#### [Data to examine]
^^^^
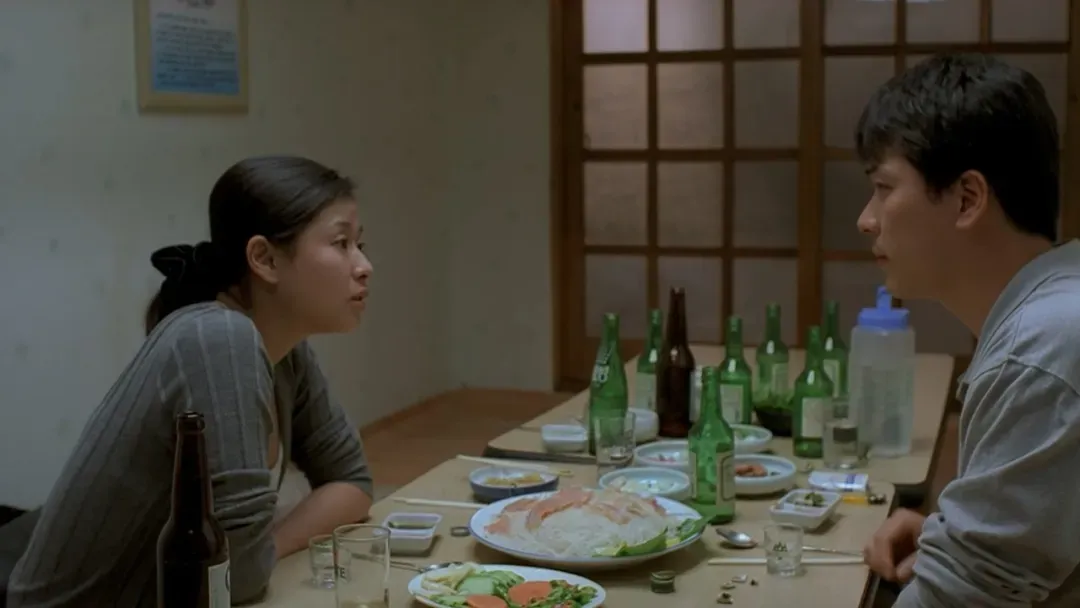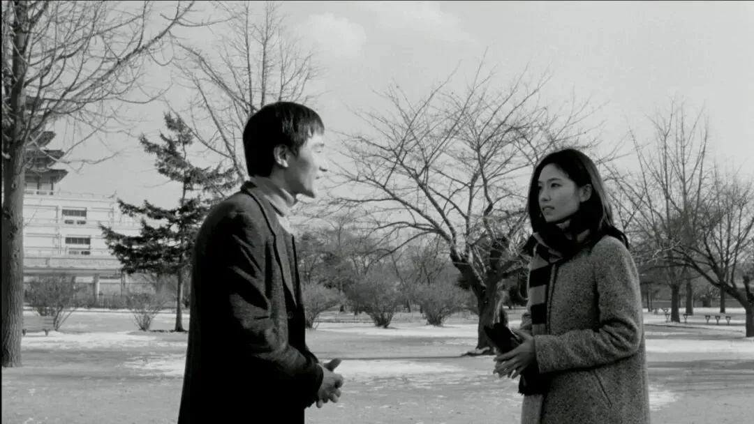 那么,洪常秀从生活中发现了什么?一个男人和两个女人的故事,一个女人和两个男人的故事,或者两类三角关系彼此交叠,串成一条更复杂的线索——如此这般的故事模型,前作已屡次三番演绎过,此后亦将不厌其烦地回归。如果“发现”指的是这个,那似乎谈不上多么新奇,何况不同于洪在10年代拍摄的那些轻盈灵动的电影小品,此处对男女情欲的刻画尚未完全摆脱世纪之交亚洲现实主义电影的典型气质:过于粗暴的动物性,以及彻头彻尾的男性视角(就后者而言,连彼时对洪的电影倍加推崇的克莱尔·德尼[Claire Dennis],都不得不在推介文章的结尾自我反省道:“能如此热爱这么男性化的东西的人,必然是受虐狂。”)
^^^^
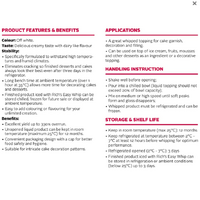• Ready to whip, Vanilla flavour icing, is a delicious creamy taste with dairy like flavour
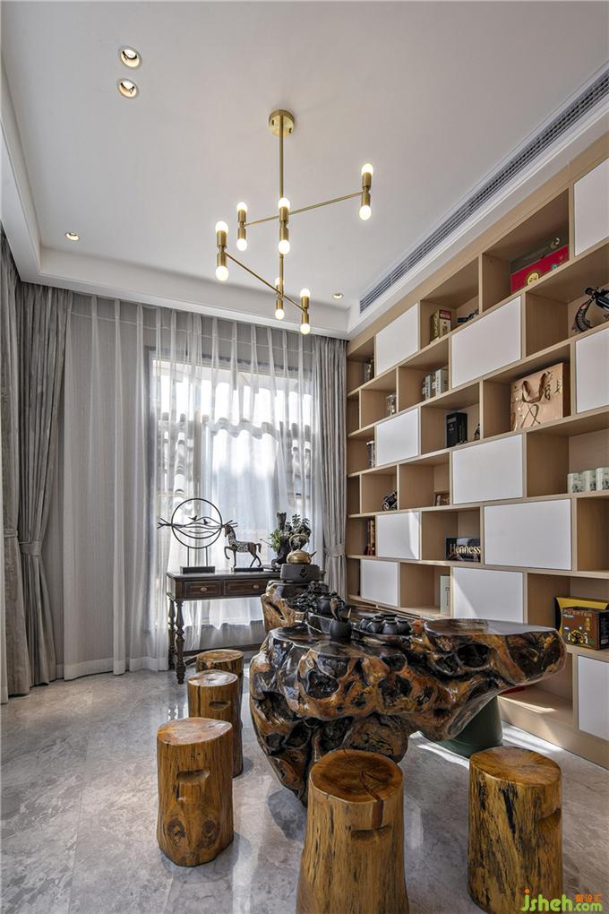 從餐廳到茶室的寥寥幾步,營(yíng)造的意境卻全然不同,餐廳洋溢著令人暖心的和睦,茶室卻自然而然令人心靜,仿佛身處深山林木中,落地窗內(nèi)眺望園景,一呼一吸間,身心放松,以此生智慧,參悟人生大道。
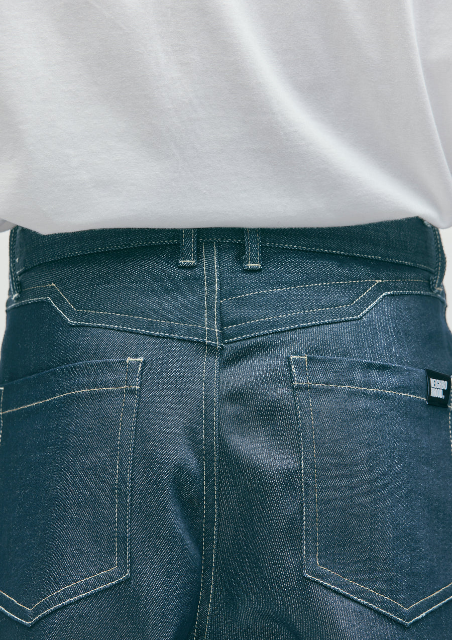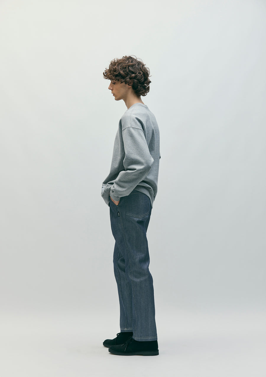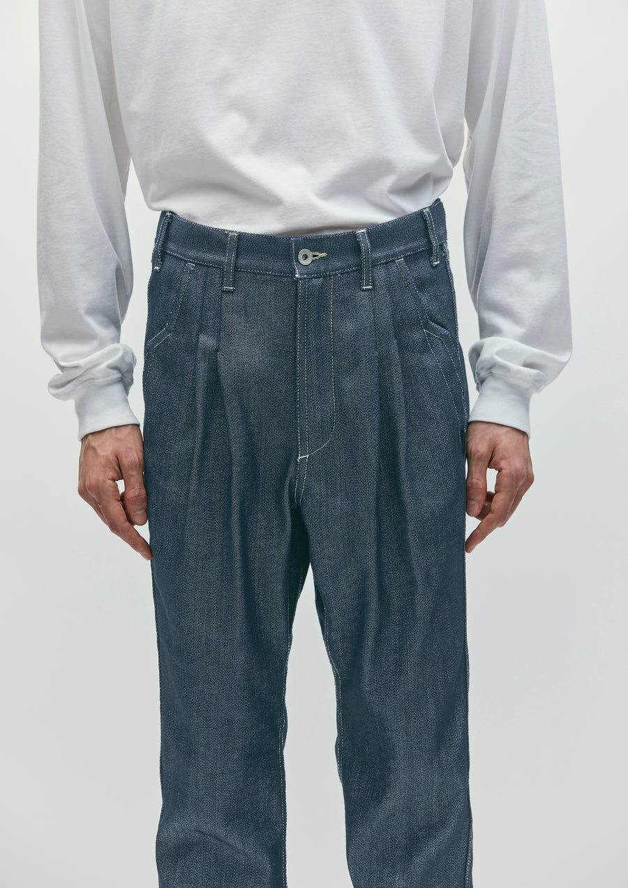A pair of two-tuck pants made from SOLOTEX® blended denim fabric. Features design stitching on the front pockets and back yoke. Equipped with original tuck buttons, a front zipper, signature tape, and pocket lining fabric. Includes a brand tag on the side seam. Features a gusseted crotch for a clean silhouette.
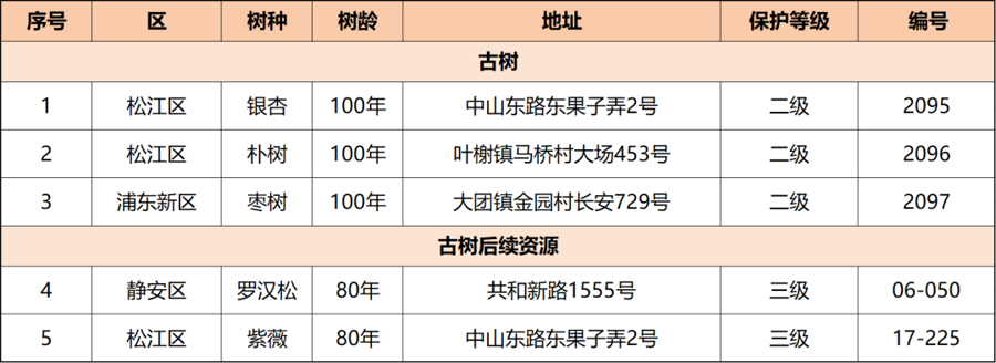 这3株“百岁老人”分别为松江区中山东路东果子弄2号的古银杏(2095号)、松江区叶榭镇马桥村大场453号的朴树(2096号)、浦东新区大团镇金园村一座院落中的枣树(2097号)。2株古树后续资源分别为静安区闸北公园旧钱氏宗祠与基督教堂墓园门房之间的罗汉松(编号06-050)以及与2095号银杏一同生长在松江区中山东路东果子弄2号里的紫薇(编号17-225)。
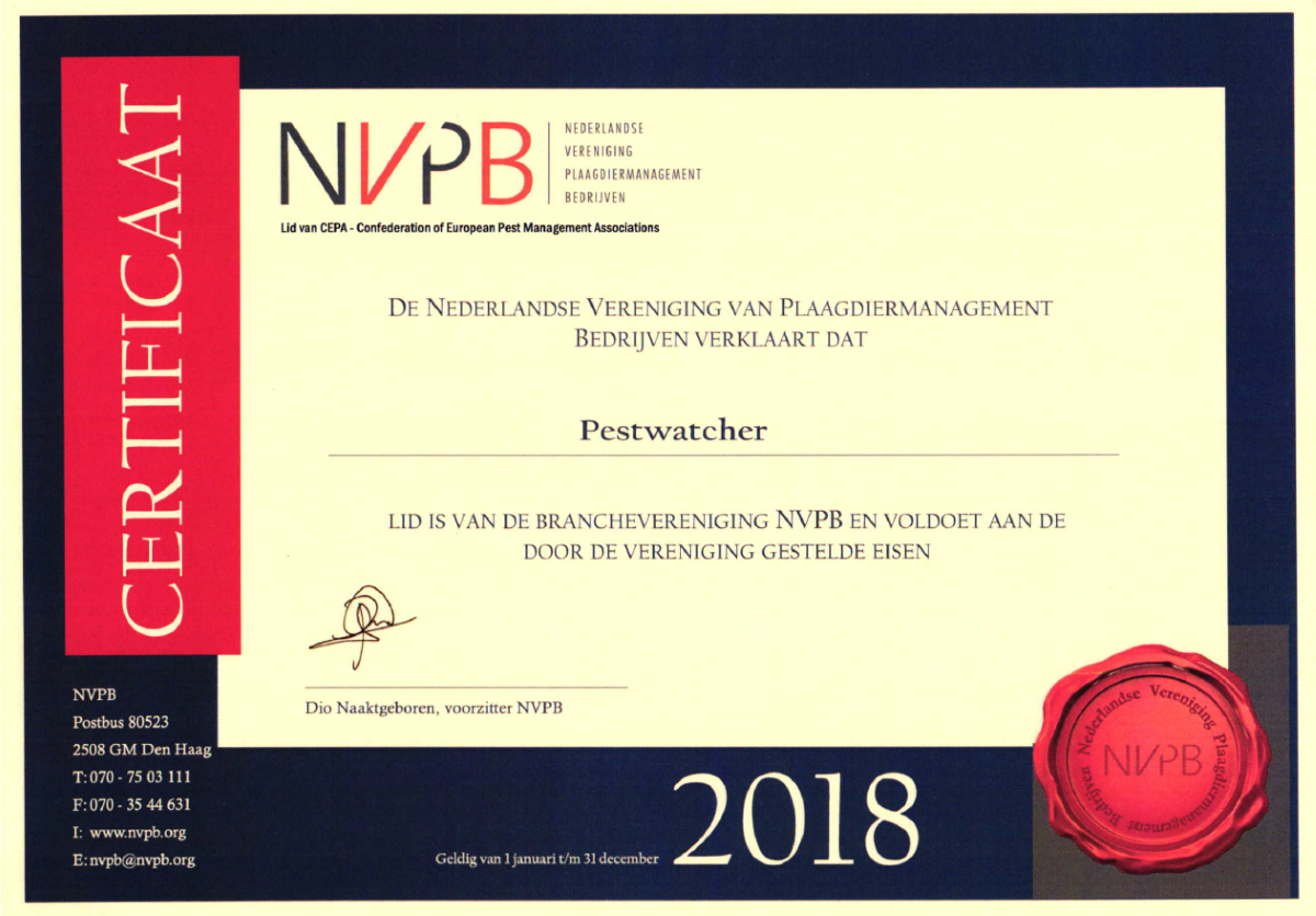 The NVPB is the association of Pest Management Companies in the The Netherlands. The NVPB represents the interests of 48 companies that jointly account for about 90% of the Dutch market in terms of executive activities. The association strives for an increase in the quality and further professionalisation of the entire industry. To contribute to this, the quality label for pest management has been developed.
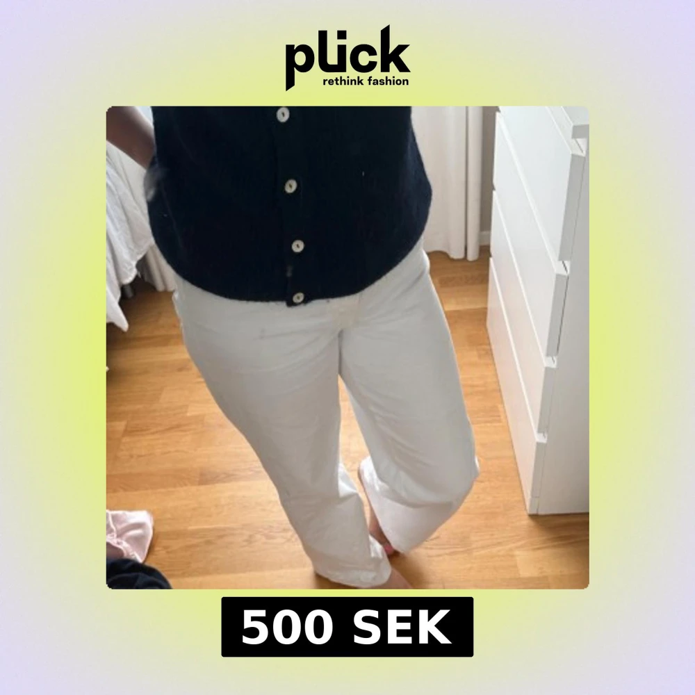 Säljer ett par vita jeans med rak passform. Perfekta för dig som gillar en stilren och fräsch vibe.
^^^^
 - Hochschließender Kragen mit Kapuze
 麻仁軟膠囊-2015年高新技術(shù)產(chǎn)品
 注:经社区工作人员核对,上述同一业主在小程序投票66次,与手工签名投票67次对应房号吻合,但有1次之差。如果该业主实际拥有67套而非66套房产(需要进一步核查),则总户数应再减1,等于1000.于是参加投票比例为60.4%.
^^^^
#### [Your task]
Every line above from the one with "dairy like flavour" down to the one with "從餐廳到茶室的寥寥幾步,營(yíng)造" must be written out exactly, and no picture may appear.

#### [Response]
• Ready to whip, Vanilla flavour icing, is a delicious creamy taste with dairy like flavour
 從餐廳到茶室的寥寥幾步,營(yíng)造的意境卻全然不同,餐廳洋溢著令人暖心的和睦,茶室卻自然而然令人心靜,仿佛身處深山林木中,落地窗內(nèi)眺望園景,一呼一吸間,身心放松,以此生智慧,參悟人生大道。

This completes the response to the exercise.